The resolution of the methodology problem did not occur until the passage of the Hepburn Act 1906, which had the strong support of the administration of Theodore Roosevelt (Kolko, 1965, pp. 129-44; Hoogenboom & Hoogenboom, 1976, pp.48-59; Skowronek, 1982, pp.249-59). While the new legislation also increased significantly the ICC's power over rates and other matters, it enabled the agency to begin the process of accounting standardisation based on uniform method rather than adherence to generally accepted principles. Uniform methodologies remained critical in advancing the ICC's rate evaluation mission because it allowed for the establishment of useful inter-corporate performance comparisons. The ICC also secured its extended powers in industry reporting by issuing a new general chart of accounts, by mandating the use of a more informative operating statement and by organising an examination staff with powers to audit the filings of regulated railroads (ICC, 1906, pp.59-62; ICC 1907a, pp. 139-44; ICC, 1907b, pp.9-24 and pp. 139-150; ICC 1907c, pp.9-24; Adams, 1908).

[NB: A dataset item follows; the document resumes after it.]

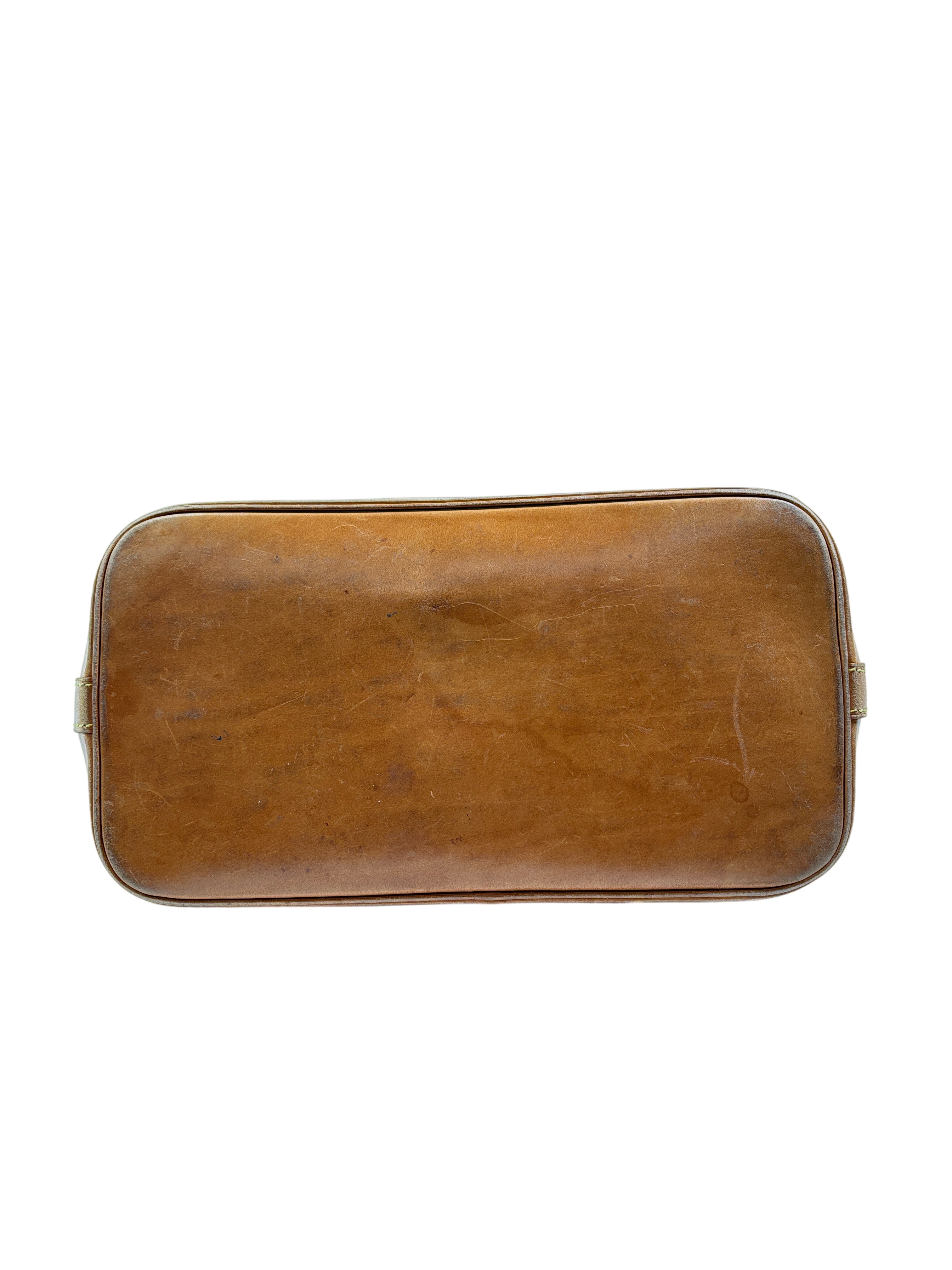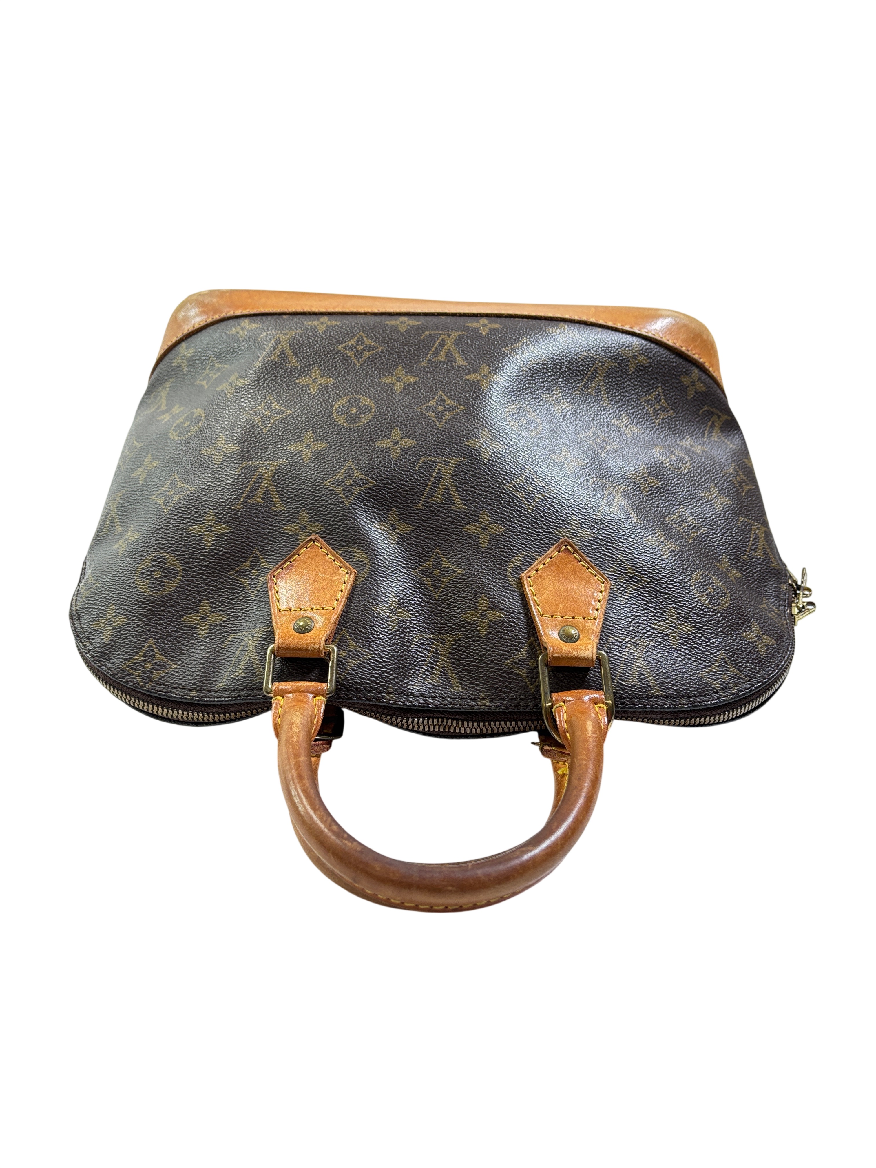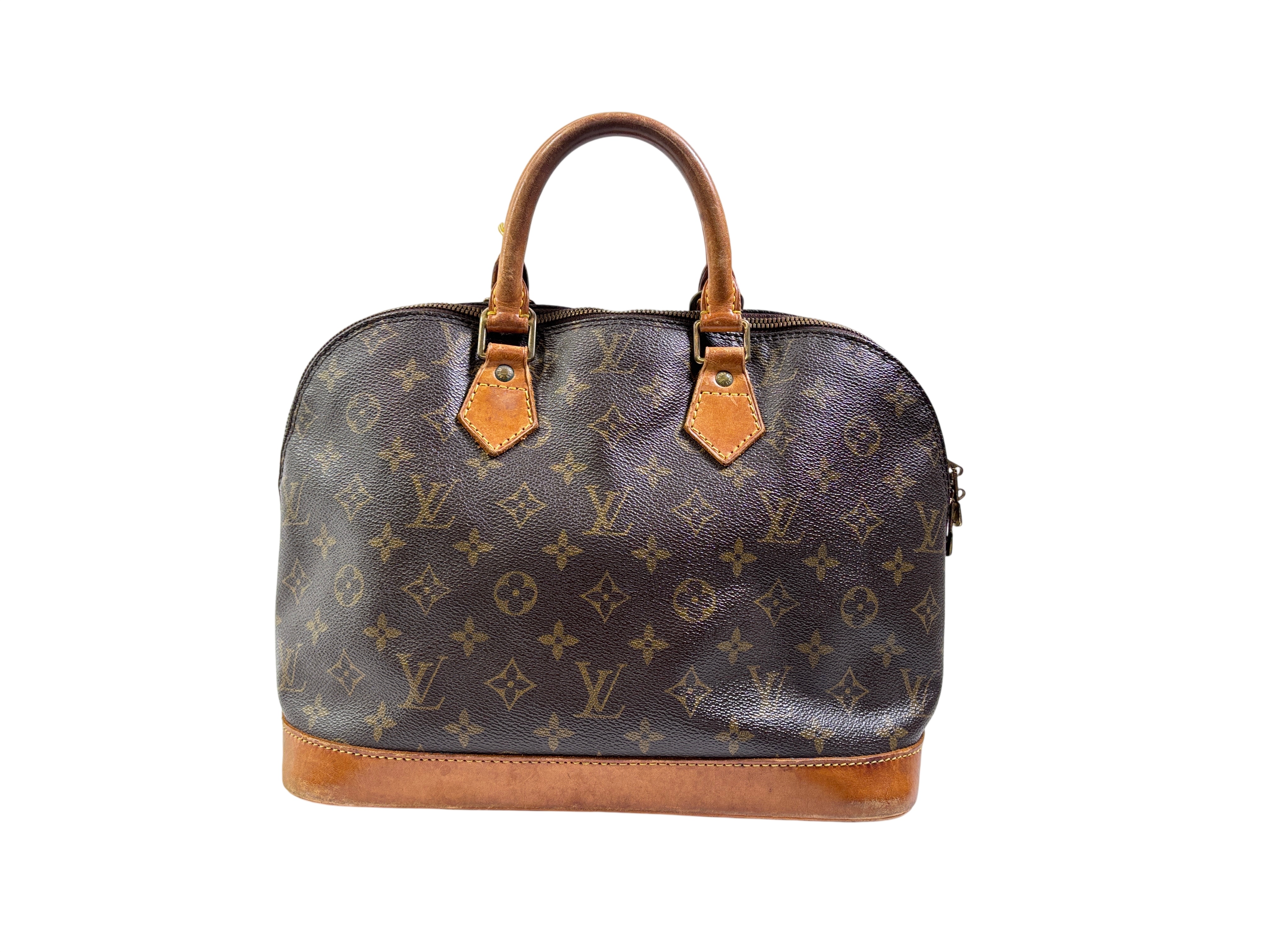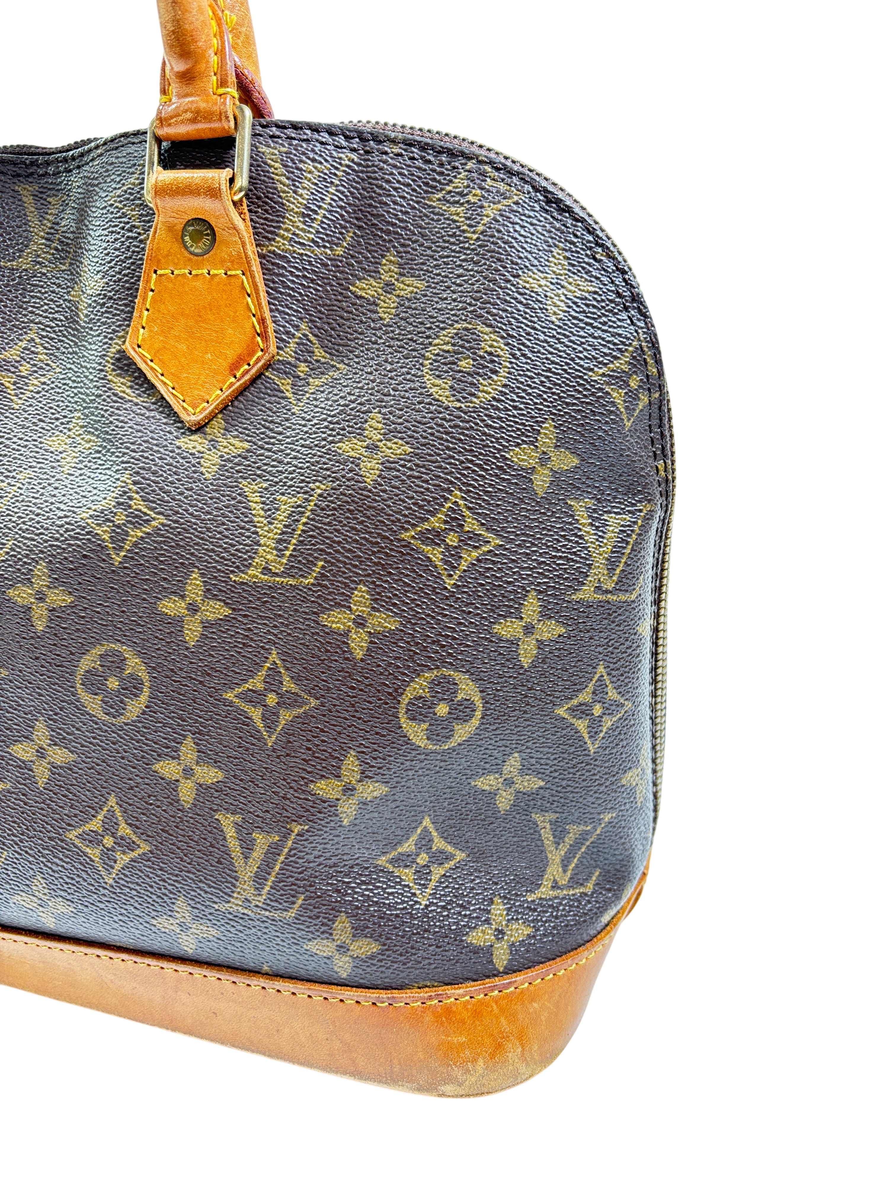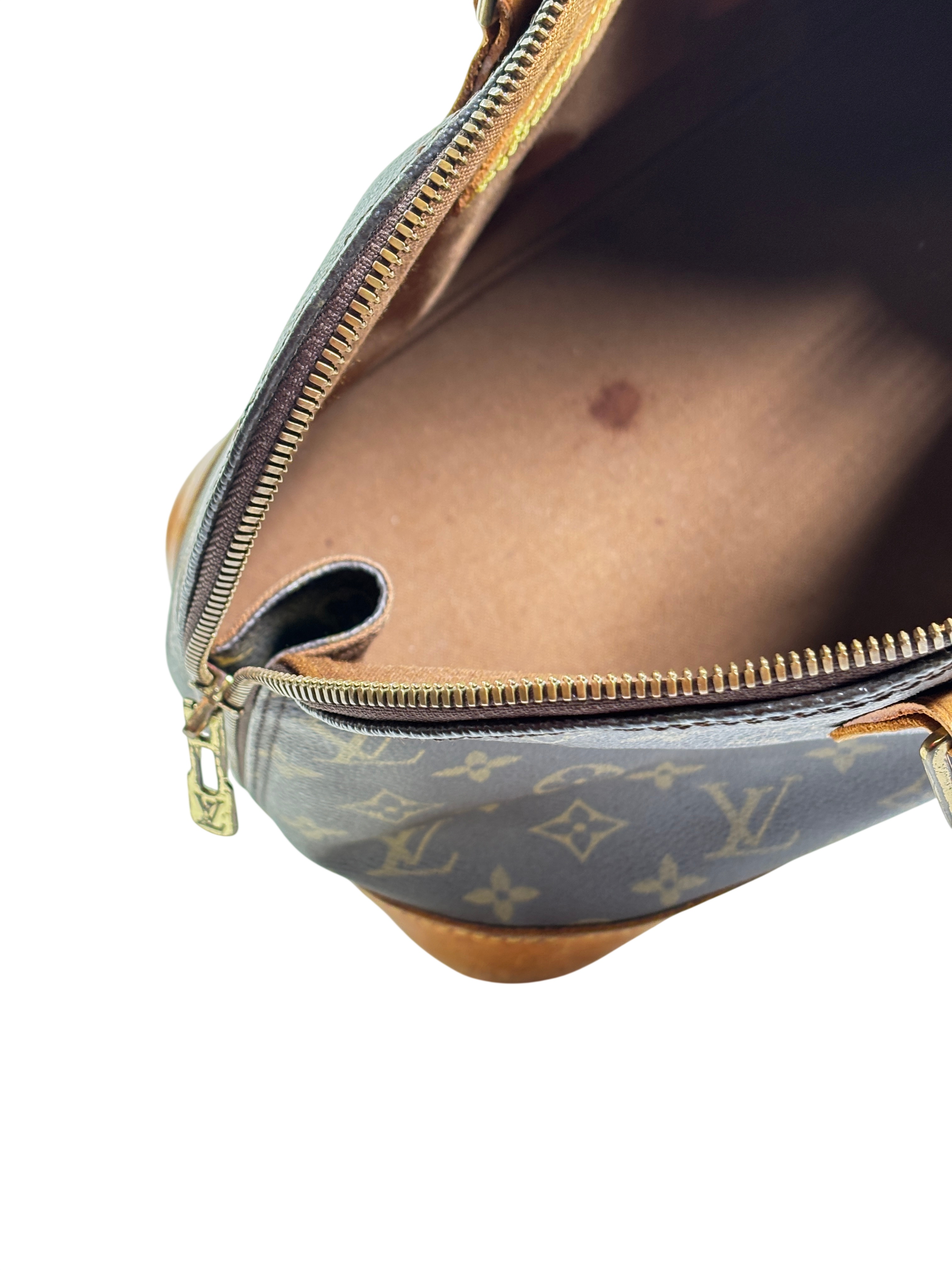 This bag has been previously owned. It has scuffs, scratches, and heavy rubbing on the bottom corners. The handles are creased. The hardware has scratches but remains bright and shiny. The interior lining has stains from previous use. See pictures for details.

Joint cost and the cost of service rating
A second dilemma of accounting-based regulation related to the problem of joint cost analysis in rate evaluations. Because of the difficulties inherent in separating the substantial joint costs of operation between individual lines of service, the initial practice in the industry involved the use of value of service information as a guide to establishing rates. Rates were set at levels that the market could bear. Moreover, the ICC had also embraced this standard because it facilitated the achievement of income reallocation goals that it favoured. Specifically, value of service rating implicitly assured that the tariff for the carriage of high value manufactures would subsidise the transportation of basic staples such as foods and fuels. In this way the profitable manufacturing sector alleviated some of the economic pressures felt by a growing urban labour population and also helped to bolster incomes in the poorer economic regions, particularly the South and West with their heavy reliance on farming and extractive industries (ICC, 189Oa; ICC, 189Ob; ICC, 1914; Friedlander, 1969, pp.8-16).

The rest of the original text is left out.